> Extracted entries
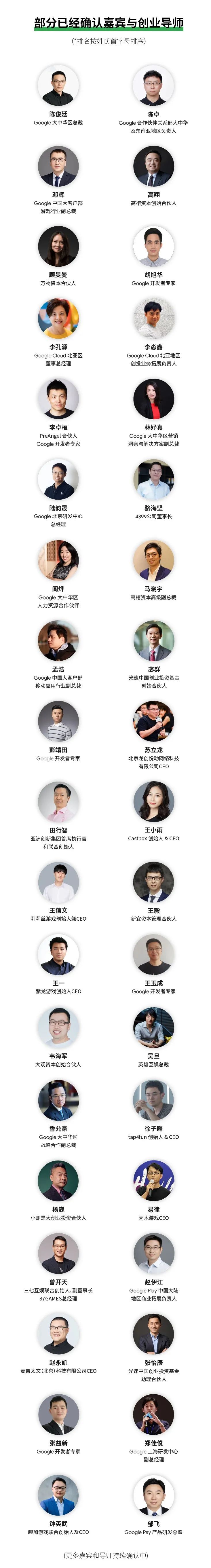 由 Google 专家,企业高管和创投前辈组成的创业导师团一对一创业辅导 (导师名单见文末)
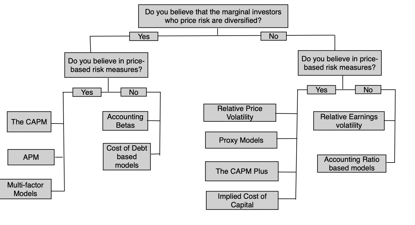 As you can see, the risk measure you choose will be a function of whether you (as an investor or business) believe that the marginal investors, i.e., the investors who own the most shares in your business and trade those share, are diversified or not, and what you believe about financial markets and accounting data.
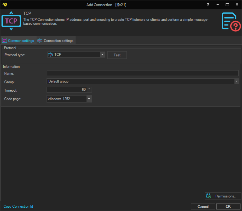 The TCP Connection stores the IP address, port, and encoding properties used to create TCP listeners or clients and perform simple message-based communication.
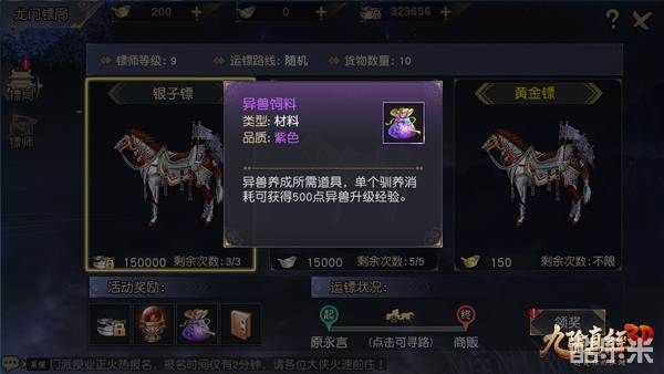 龙门镖局常年为江湖人士运送货物,甚至还会护送价值连城的物品。如果玩家有幸接到此类镖车,将得到异常丰厚的奖励。完后才能运镖的玩家可以获得大量经验奖励,祝你迅速提升等级!此外,异兽饲料和异兽丹也是押镖的犒劳,这些物资极为珍贵,能帮助玩家培养异兽等级,提升战力。最刺激的是,玩家还有机会获得黄金货币大奖。黄金是游戏中名副其实的硬通货,为了这份大礼,再辛苦也值了!
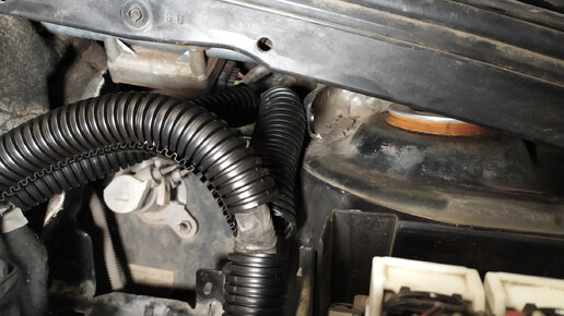 Отрезал кусками и по месту надевал, гофра в диаметре чуть больше и поэтому при конечной установке подгибал один край гофры под другой. Нигде ничего не зажато и не мешает, сидит хорошо. И главное — недавние снегопады с дождём подтвердили что теперь жгуты с проводами сухие, несмотря на сырость под жабо...
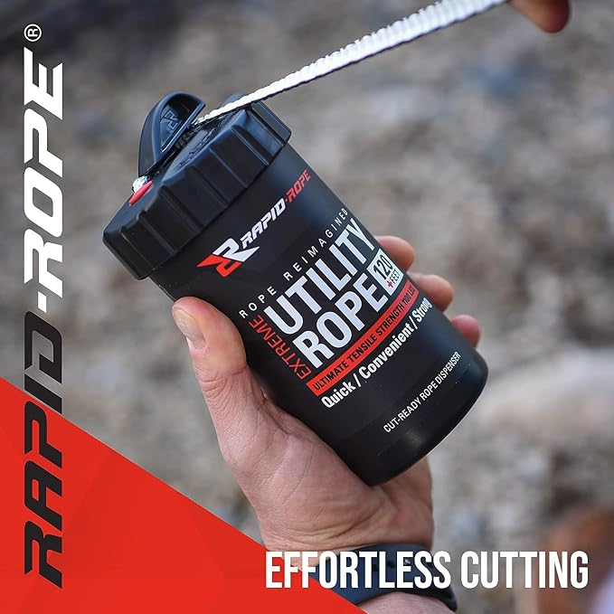 - MULTIPURPOSE AND REUSABLE: For indoor and outdoor use. Rapid Rope is perfect for camping supplies, backpacking gear, emergency kits, tie down rope, the possibilities are endless! The canister is reusable. When you run out of rope, just add a Rapid Rope refill, and you’re good-to-go.
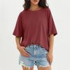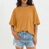 Женский модный повседневный однотонный топ с круглым вырезом и тремя рукавами с половиной рукавами
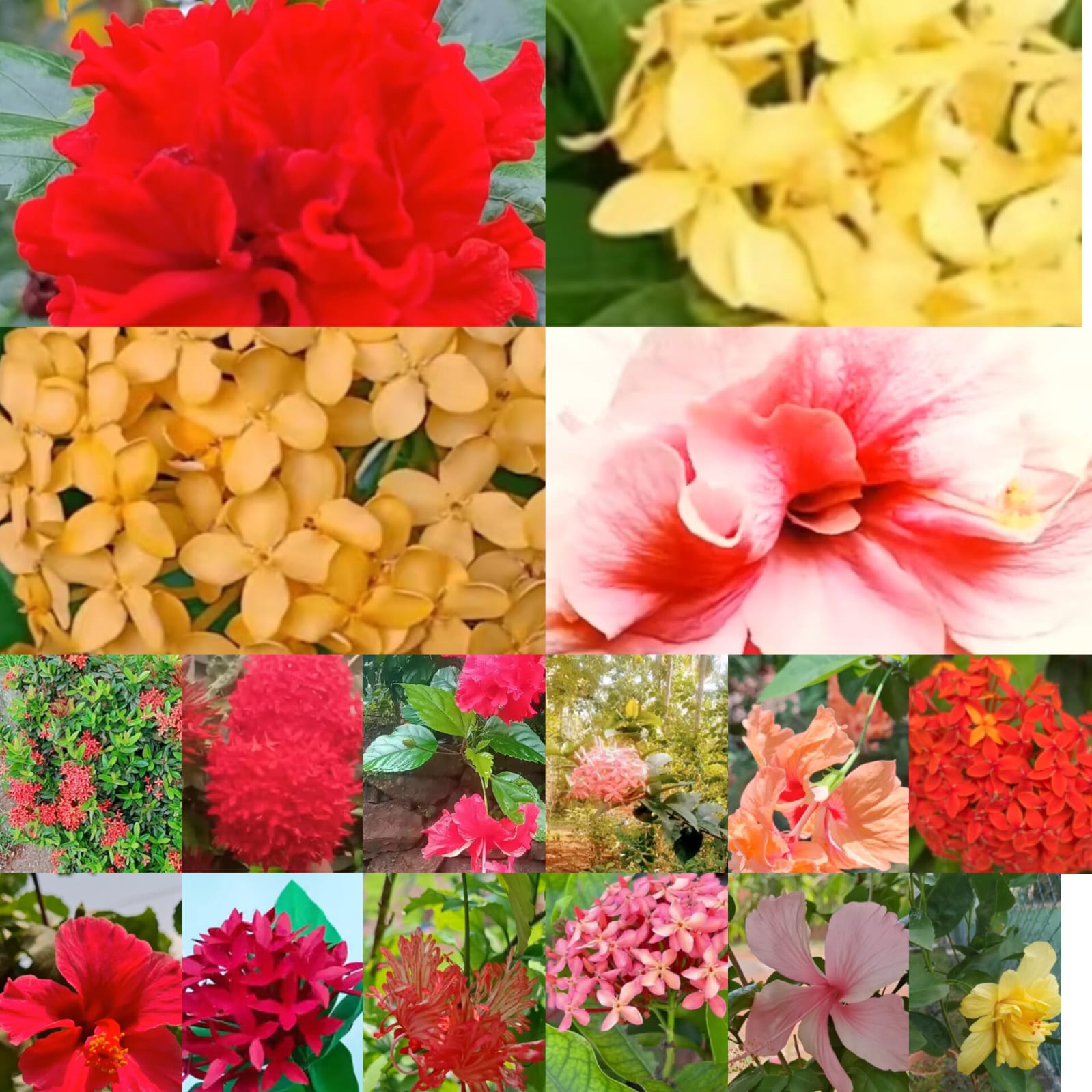 1. കറുക (ദുർവ്വ): നിലത്തു പറ്റിച്ചേർന്നു വളരുന്ന അതിപ്രധാനമായ ഒരു ഔഷധസസ്യം. 2. കൃഷ്ണ(വിഷ്ണു)ക്രാന്തി: വരണ്ടമണ്ണിൽ നിലത്തു പടർന്നു വളരുന്ന ഒരു സസ്യം. ചെറിയ (നീലനിറത്തിലുള്ള) പൂക്കളുണ്ടാവും. 3. തിരുതാളി: വെളുത്ത പൂവുണ്ടാവുന്ന ഒരു വള്ളിച്ചെടി 4. പൂവ്വാംകുറുന്നില: എല്ലാ സ്ഥലങ്ങളിലും വളരും 5.കയ്യോന്നി (കഞ്ഞുണ്ണി) 6. മുക്കൂറ്റി: മഞ്ഞപൂക്കളോടുകൂടി എല്ലാ സ്ഥലത്തും വളരുന്നു. 7. നിലപ്പന: നിലത്തു പടർന്നു വളരുന്നു. 8. ഉഴിഞ്ഞ: ഒരു വള്ളിച്ചെടി 9. ചെറുവൂള: ഇലഞെട്ടിൽ വെളുത്ത പൊടി പറ്റിപ്പിടിച്ചിരിക്കുന്ന പോലെ പൂക്കൾ കാണും. 10. മുയൽച്ചെവി (മോച്ചമി): ഇവയെയാണ് ദശപുഷ്പങ്ങൾ എന്നു പറയുന്നത്. ഈ ദശപുഷ്പങ്ങൾ ഓരോന്നും ഓരോ ദേവതമാരെ പ്രതിനിധാനം ചെയ്യുന്നു. ഓരോന്നും വളരെയധികം ഔഷധഗുണങ്ങൾ ഉള്ളതുമാണ്. ഈ പത്തു പൂക്കളിൽ ഏതെങ്കിലും ഒന്നു കിട്ടിയില്ലെങ്കിൽ പകരം തുളസി മതി. 1. കറുക: ആദിത്യദേവനെ പ്രതിനിധാനം ചെയ്യുന്നു. ദശപുഷ്പങ്ങളിൽ ഏറ്റവും പ്രധാനം. കറുക പല തരത്തിലുണ്ട്. വെൺകുറുക രക്തപ്രസാദിനിയാണ്. ത്വഗ്രോഗങ്ങളകറ്റാൻ കറുക ഉത്തമം. പ്രമേഹം-പ്രഷർ എന്നിവയുടെ സംഹാരിയാണ്. ആരോഗ്യത്തിനുത്തമം. തലയിൽ ചൂടാൻ മാത്രമല്ല, ഭക്ഷണത്തിനും നല്ലതുതന്നെ. ബലിപ്പുല്ലായും ഉപയോഗിക്കുന്നുണ്ട്. ഗണപതിക്കു വളരെ പ്രിയപ്പെട്ടതാണ് കറുക എന്നു പുരാണകഥകൾ പറയുന്നുണ്ട്. 2. കൃഷ്ണ (വിഷ്ണു) ക്രാന്തി: മഹാവിഷ്ണുവാണ് ദേവൻ. കഫക്കെട്ട്, ജ്വരം എന്നിവയെ ശമിപ്പിക്കും. മുടിക്ക് ഉത്തമം. 3. തിരുതാളി: ലക്ഷ്മീദേവിയാണ് ദേവത. ഐശ്വര്യദായിനിയാണ്. ബുദ്ധിക്കും മുടിയഴകിനും ഉത്തമം. 4. പൂവ്വാംകുറുന്നില: ബ്രഹ്മാവാണ് ദേവൻ. 'പൂവ്വാങ്കുറുന്നിലയ്ക്കു പടിപ്പുരപൊന്ന് ' എന്നാണ് ചൊല്ല്. ഇതു തലയിൽ ചൂടുന്നത് ഐശ്വര്യദായകമാണ്. ദാരിദ്ര്യദുഃഖങ്ങളകലാൻ ഉത്തമം. ജലദോഷം, പനി എന്നിവയ്ക്ക് പ്രായഭേദമെന്യേ പൂവ്വാങ്കുറുന്നില ഉപയോഗിക്കുന്നു. പ്രത്യേകിച്ച് ചെറിയകുട്ടികൾക്ക് ജലദോഷം, പനി എന്നിവയ്ക്ക് കഷായം വെച്ചു കൊടുക്കുന്നു. എണ്ണ കാച്ചാനും വെള്ളം തിളപ്പിച്ച് കുടിക്കാനും കൺമഷിയുണ്ടാക്കാനും ഈ സസ്യം ഉപയോഗിക്കുന്നു. കണ്ണിനു കുളിർമ്മ നൽകുന്നു. 5- കുയ്യോന്നി (കഞ്ഞുണ്ണി): ശിവനെ പ്രതിനിധാനം ചെയ്യുന്നു. ശിരോരോഗസംഹാരിയാണ്. കഫ, വാതരോഗങ്ങൾക്കുപയോഗിക്കുന്നു. കാഴ്ചശക്തി വർദ്ധിപ്പിക്കും. തലമുടി വളരാൻ ഉത്തമം. 6. മുക്കുറ്റി ശ്രീപാർവ്വതിയാണ് ദേവത. ഇതു തലയിൽ ചൂടിയാൽ കുടുംബസൗഖ്യം ഫലം. നീരെടുത്ത് നെറ്റിയിൽ പൊട്ടുതൊടാറുണ്ട്. ശരീരകാന്തിക്കുത്തമം. താരൻനിവാരിണിയാണ്. 7. നിലപ്പന: ഭൂമിദേവി ദേവത. ഇതു തലയിൽ ചൂടിയാൽ ക്ഷമ, വിവേകം എന്നിവയുണ്ടാവും. ശരീരപുഷ്ടിയും ബലവുമുണ്ടാകും. തല-ചെവി - വേദനസംഹാരി, സ്ത്രീസഹജമായ രോഗങ്ങൾക്കുത്തമം. 8. ഉഴിഞ്ഞ: ഇന്ദ്രനാണ് ദേവൻ. സ

> Problem
From the first line above through the line containing "Женский модный повседневный", copy everything exactly, without the pictures.

> Exercise solution
 由 Google 专家,企业高管和创投前辈组成的创业导师团一对一创业辅导 (导师名单见文末)
 As you can see, the risk measure you choose will be a function of whether you (as an investor or business) believe that the marginal investors, i.e., the investors who own the most shares in your business and trade those share, are diversified or not, and what you believe about financial markets and accounting data.
 The TCP Connection stores the IP address, port, and encoding properties used to create TCP listeners or clients and perform simple message-based communication.
 龙门镖局常年为江湖人士运送货物,甚至还会护送价值连城的物品。如果玩家有幸接到此类镖车,将得到异常丰厚的奖励。完后才能运镖的玩家可以获得大量经验奖励,祝你迅速提升等级!此外,异兽饲料和异兽丹也是押镖的犒劳,这些物资极为珍贵,能帮助玩家培养异兽等级,提升战力。最刺激的是,玩家还有机会获得黄金货币大奖。黄金是游戏中名副其实的硬通货,为了这份大礼,再辛苦也值了!
 Отрезал кусками и по месту надевал, гофра в диаметре чуть больше и поэтому при конечной установке подгибал один край гофры под другой. Нигде ничего не зажато и не мешает, сидит хорошо. И главное — недавние снегопады с дождём подтвердили что теперь жгуты с проводами сухие, несмотря на сырость под жабо...
 - MULTIPURPOSE AND REUSABLE: For indoor and outdoor use. Rapid Rope is perfect for camping supplies, backpacking gear, emergency kits, tie down rope, the possibilities are endless! The canister is reusable. When you run out of rope, just add a Rapid Rope refill, and you’re good-to-go.
 Женский модный повседневный однотонный топ с круглым вырезом и тремя рукавами с половиной рукавами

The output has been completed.